For a long time, I had only thought of family size in terms of environmental effect. I thought the less children we had, the better, since we have limited resources globally, and the United States already hogs them. But apparently these economic effects that are in the pipeline will be quite detrimental.
So, maybe we had better have more kids to do our American duty!
7 comments:
We could also just adjust our social programs to get rid of the assumption that the population will be ever-increasing. The UN is projecting that the world population will level out in the next 50 - 100 years. As you mentioned, this is definitely good for the environment, as right now the rate at which we are using resources would take 5 earths to sustain. The decrease in population growth rates will (hopefully) give technology a chance to catch up, so that we reach a more sustainable equilibrium.
Em, read this it's totally fascinating re: birth rates.
http://online.wsj.com/article/SB10001424127887323375204578270053387770718.html?mod=WSJ_hpp_LEFTTopStories
Totally. That would be the wise and forward-thinking way to go. And yet we seem stuck in these inertia-driven ruts, policy-wise.

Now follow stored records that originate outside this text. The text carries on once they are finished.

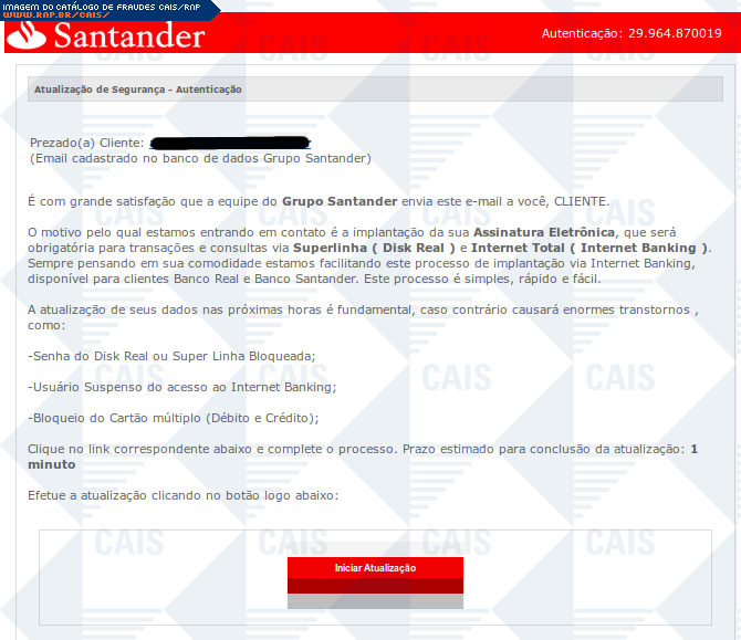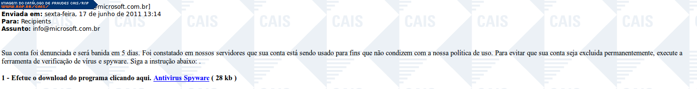 Esta página tem função informativa e educativa. Exibe uma coleção de imagens de phishing scam (fraudes eletrônicas) ou malware (código malicioso) veiculados por meio de spam (e-mail não-solicitado). Trata-se de conteúdo exemplificativo, não exaustivo, uma vez que não é possível contemplar todos os casos de fraudes existentes. Assim, caso você tenha conhecimento de um exemplar que não esteja aqui presente, isto não significa que não seja válido ou real. Inclusive incentivamos que você o envie para análise do CAIS para que, se for o caso, passe a integrar o nosso acervo.
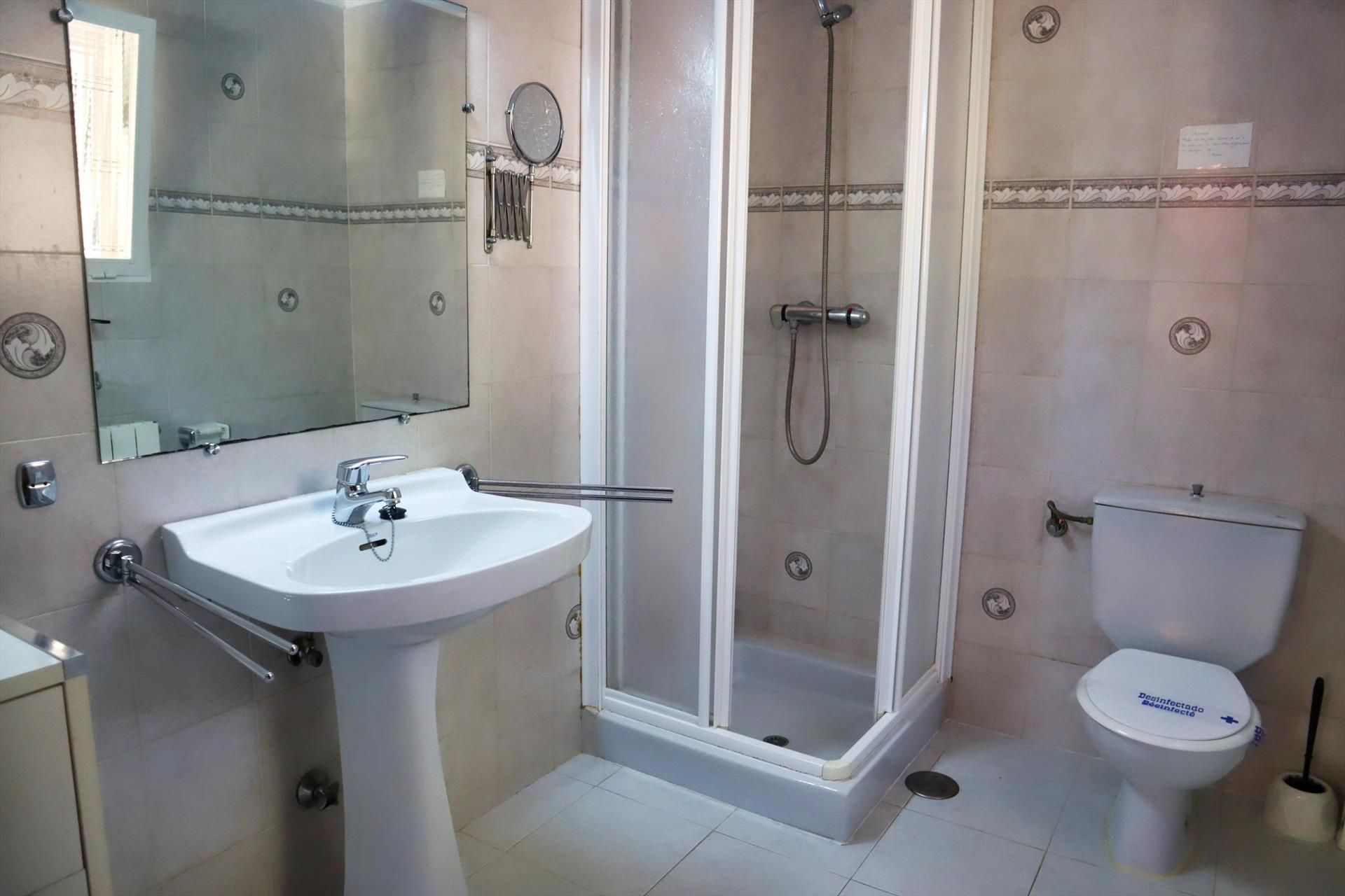 - ensuite Badezimmer mit Einzelwaschbecken, Dusche und Toilette
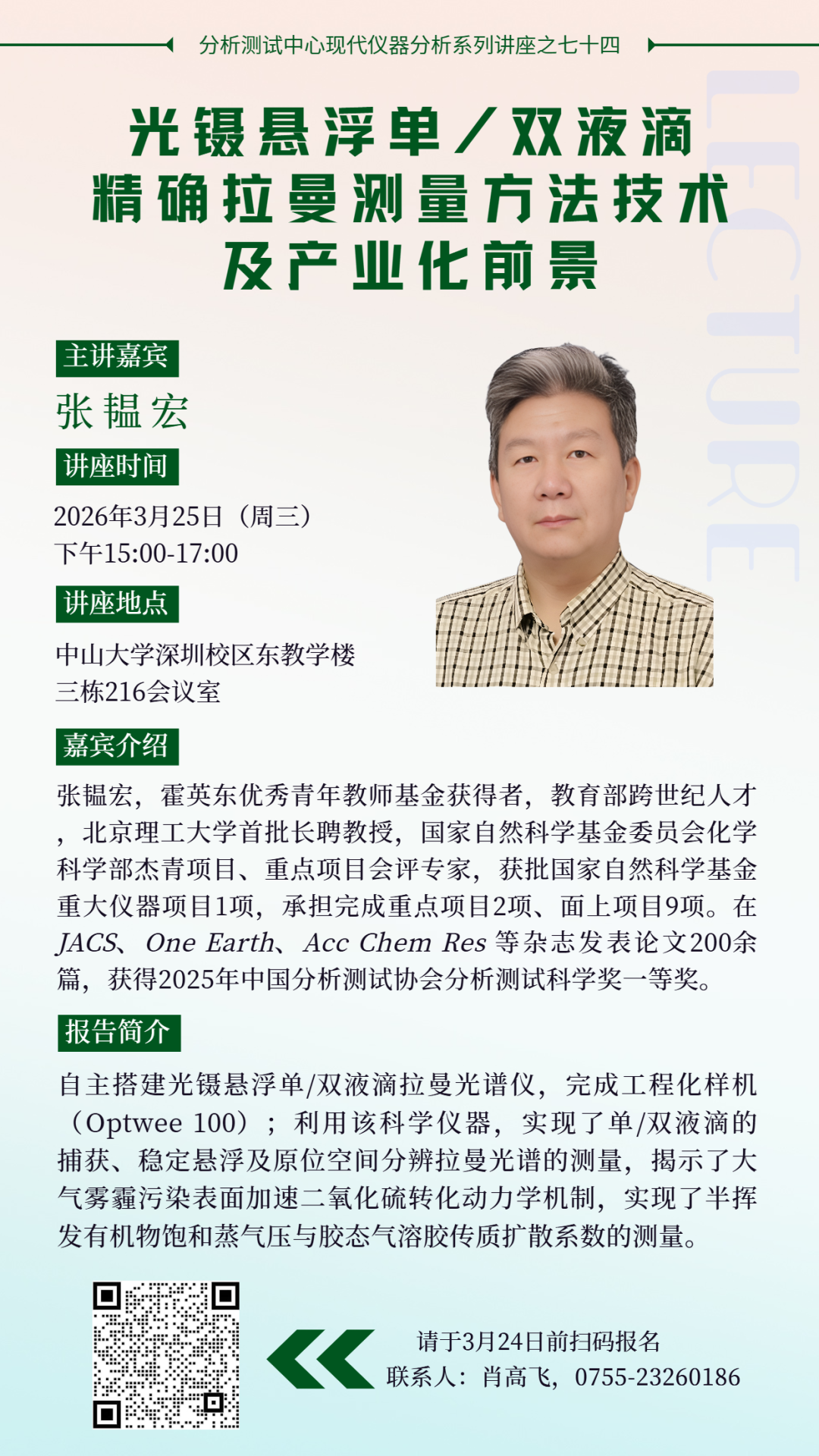 讲座报名 | 光镊悬浮单/双液滴精确拉曼测量方法技术及产业化前景
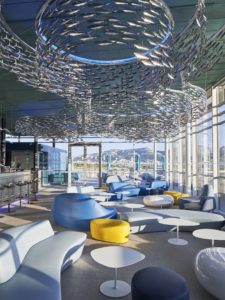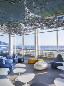 Le Sky Bar : Entre le lustre composé de 4000 sardines d’acier (réalisé pour Sciabetti par l’artiste anglaise Frances Bromley) et le mobilier sobre évoquant les vagues et les galets, le bleu clair du ciel et le bleu sombre des profondeurs aquatiques, le sky-bar est un plongeon visuel magnifique dans la rade de Marseille.
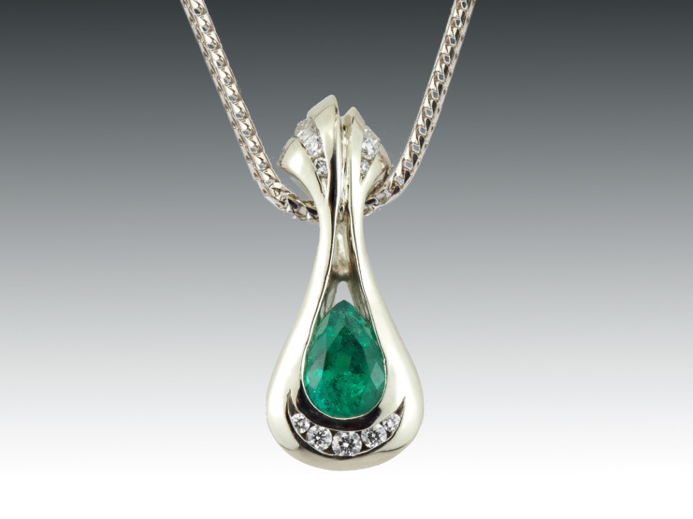 This custom designed emerald and diamond drop pendant was handcrafted at our studio in Boston. This piece is crafted in white gold and sculpted to complement the shape of the teardrop emerald gemstone. The pendant is finished with diamond accents to add extra sparkle to this stunning design.
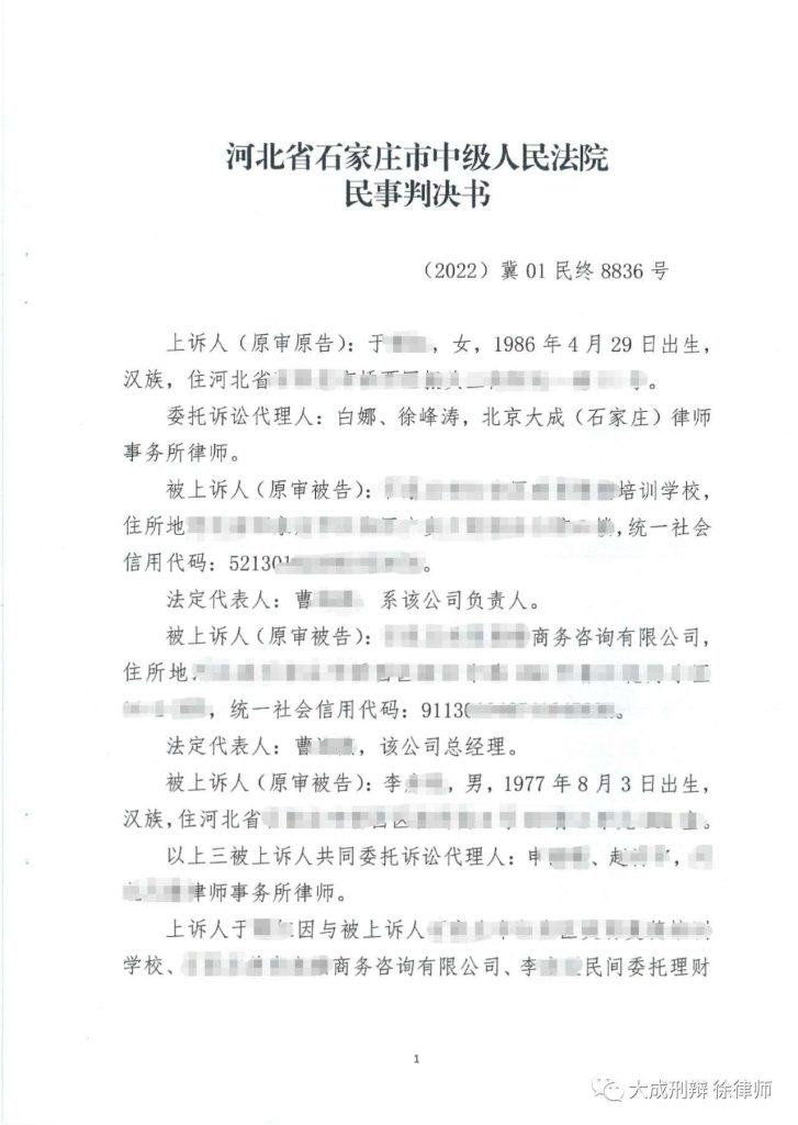 于某与某培训学校、某商务咨询有限公司、李某民间委托理财合同纠纷一案、不服河北省石家庄市长安区人民法院(2021)冀0102民初11684号民事判决而上诉。一审法院认为,本案的争议焦点是涉案款项是否交付,原被告之间是否存在委托理财合同关系。二审法院以为于某和学校虽签订了《入股协议书》,但该学校提交的证据不足以证实于某事实上享有了股东权利,二者之间可认定为名为股权投资、实为借贷,因此学校应偿还于某21312.5元及利息。

Lynn - super fascinating!! It makes me think of the church as a whole, which is desperately struggling to find "children and young people." Perhaps they don't exist at the volume we believe they do.
No kidding. Headdesk. :)
That's so interesting that people are saying that to you about your family being "done" because you have a boy and a girl. When I tell people we're having another girl, they say, "So you've gotta keep trying until you get a boy, huh?" Granted, we'd like to have more kids, but sometimes things don't work out that way. It's just funny how one boy/one girl = the perfect family for so many people.
I read about the birthrate stuff in The Washington Post. Our neighborhood is so Irish Catholic, and the average family is 5 or 7 kids. I feel like my neighborhood MUST be balancing everything else out.
Yes - there seems to be some kind of presupposition about nuclear families being man and woman, boy and girl. Very interesting to me. I really couldn't have cared less about that whole thing. Seven kids . . . wow. I just don't think we'll ever make enough money to raise that many kids!